→ DATA FOR THIS TASK
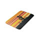 Abstract geometric desert sunset illustration with yellow, orange and red diagonal stripes and cactus decoration. Add your name/monogram or delete the text.
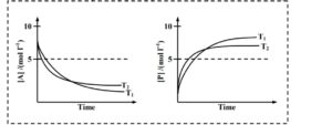 For a reaction, $\mathrm{A} \rightleftharpoons \mathrm{P}$, the plots of $[\mathrm{A}]$ and $[\mathrm{P}]$ with time at temperatures $T_1$ and $T_2$ are given below. If $\mathrm{T}_2>\mathrm{T}_1$, the correct statement(s) is (are) (Assume $\Delta \mathrm{H}^{\ominus}$ and $\Delta \mathrm{S}^{\ominus}$ are independent of temperature and ratio of $\ln K$ at $\mathrm{T}_1$ to $\ln K$ at $\mathrm{T}_2$ is greater than $\mathrm{T}_2 / \mathrm{T}_1$. Here $H, S, G$ and $K$ are enthalpy, entropy, Gibbs energy and equilibrium constant, respectively.)
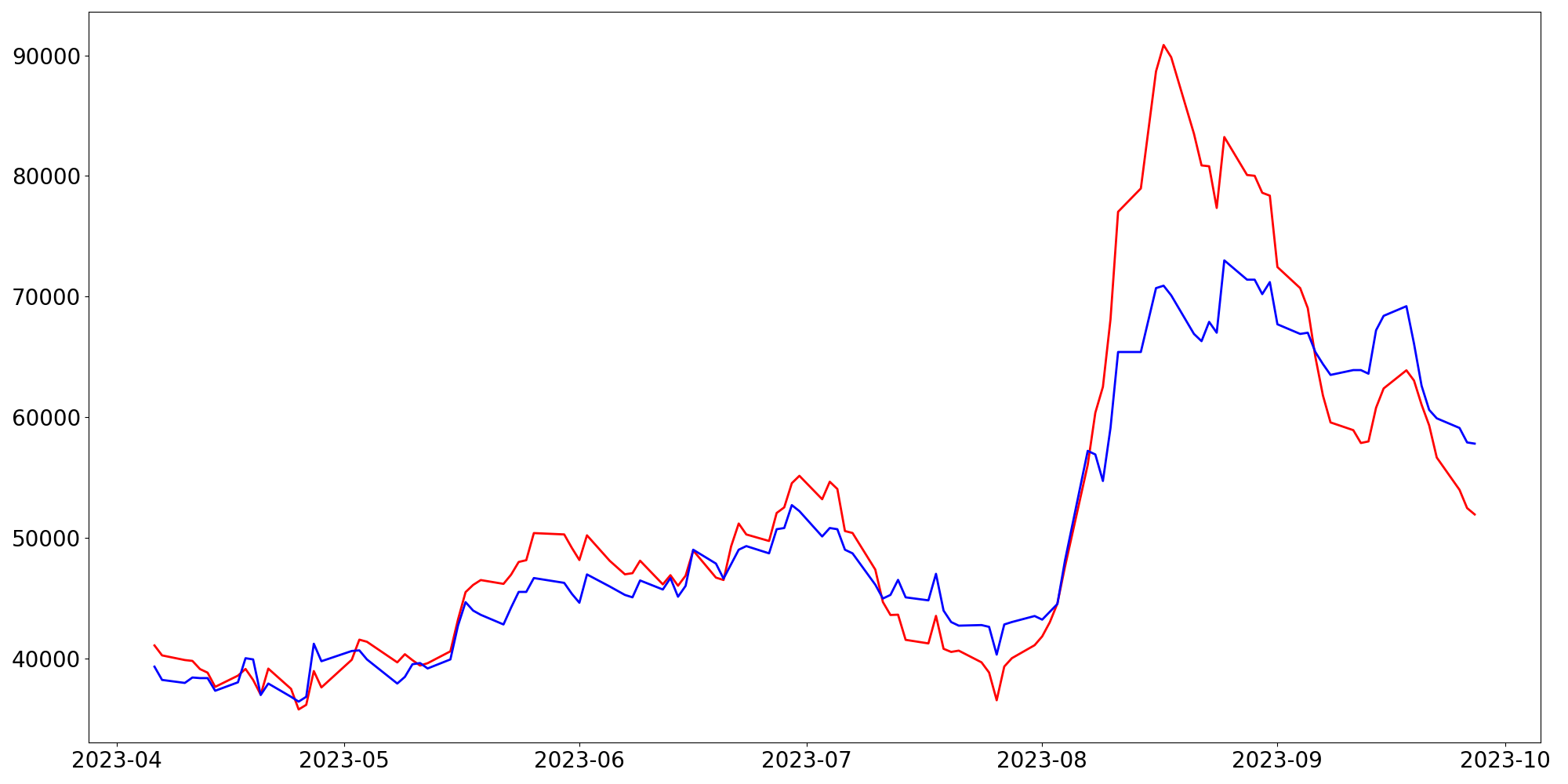 [ - : 실제값(종가) / - : 예측값(종가) ]
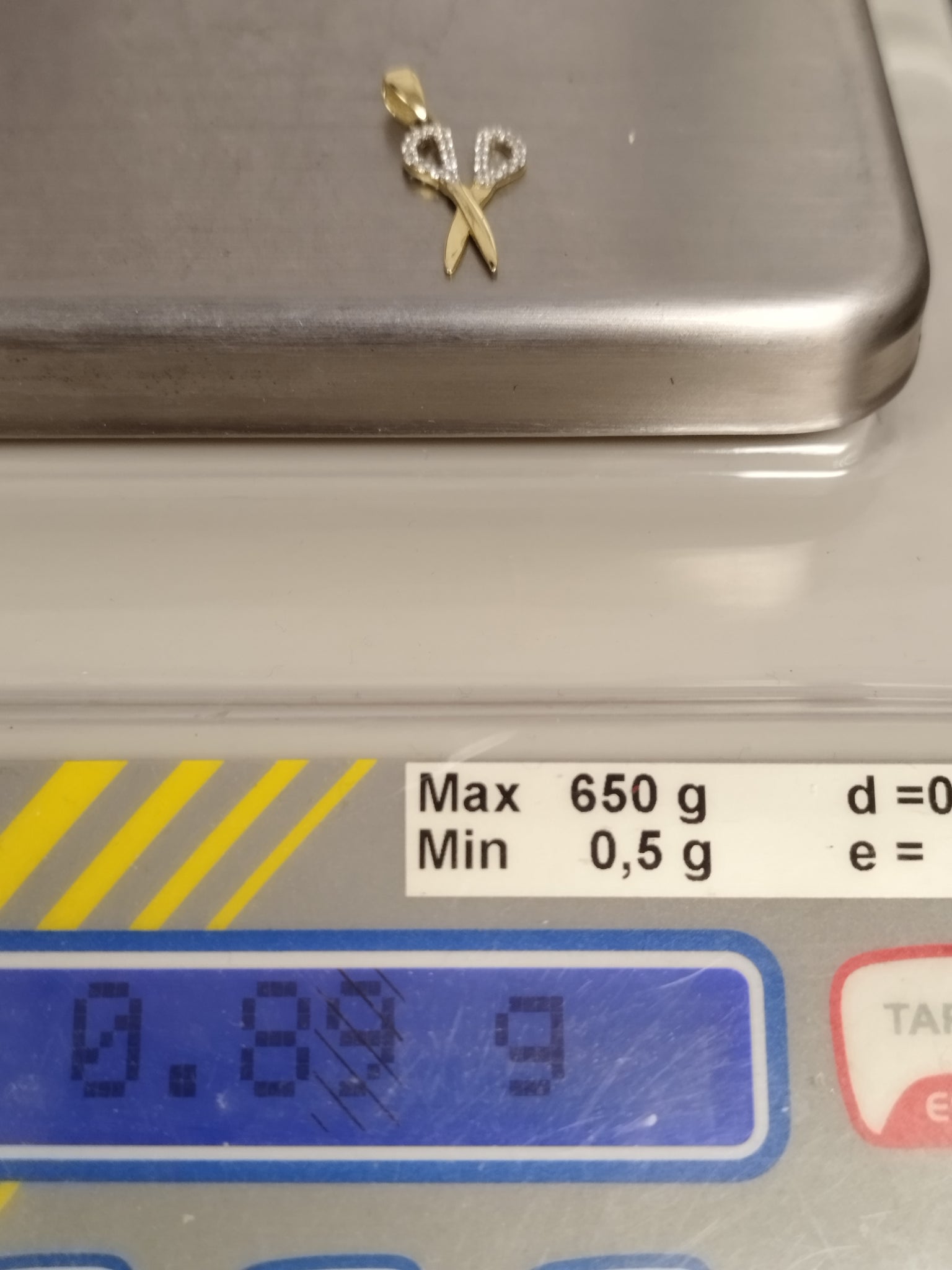 A lovely 14ct yellow gold scissors pendant set with clear stones.
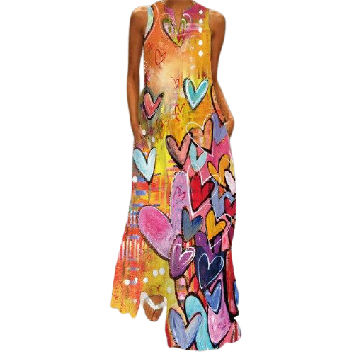 Vestido largo. Cuello en V. Sin mangas. Multicolor.
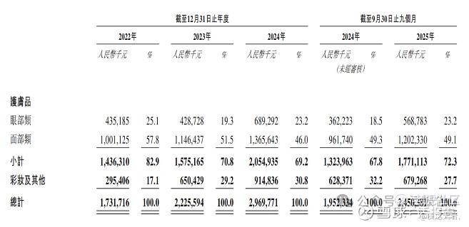 公司的收入重大部分来自丸美品牌的护肤产品(以眼部护理和面部护理产品为核心,2024年该品牌收入占总营收69.2%,眼部与面部类产品合计占比69.2%)及恋火品牌的底妆等彩妆产品(2024年占比30.5%);其他品牌产品(如春纪)及少量配套业务获得的收入比例较小,2024年占比仅0.3%。

→ WHAT YOU ARE ASKED TO DO
Would you return the material exactly, images excluded?

→ REPLY TO THE TASK
 Abstract geometric desert sunset illustration with yellow, orange and red diagonal stripes and cactus decoration. Add your name/monogram or delete the text.
 For a reaction, $\mathrm{A} \rightleftharpoons \mathrm{P}$, the plots of $[\mathrm{A}]$ and $[\mathrm{P}]$ with time at temperatures $T_1$ and $T_2$ are given below. If $\mathrm{T}_2>\mathrm{T}_1$, the correct statement(s) is (are) (Assume $\Delta \mathrm{H}^{\ominus}$ and $\Delta \mathrm{S}^{\ominus}$ are independent of temperature and ratio of $\ln K$ at $\mathrm{T}_1$ to $\ln K$ at $\mathrm{T}_2$ is greater than $\mathrm{T}_2 / \mathrm{T}_1$. Here $H, S, G$ and $K$ are enthalpy, entropy, Gibbs energy and equilibrium constant, respectively.)
 [ - : 실제값(종가) / - : 예측값(종가) ]
 A lovely 14ct yellow gold scissors pendant set with clear stones.
 Vestido largo. Cuello en V. Sin mangas. Multicolor.
 公司的收入重大部分来自丸美品牌的护肤产品(以眼部护理和面部护理产品为核心,2024年该品牌收入占总营收69.2%,眼部与面部类产品合计占比69.2%)及恋火品牌的底妆等彩妆产品(2024年占比30.5%);其他品牌产品(如春纪)及少量配套业务获得的收入比例较小,2024年占比仅0.3%。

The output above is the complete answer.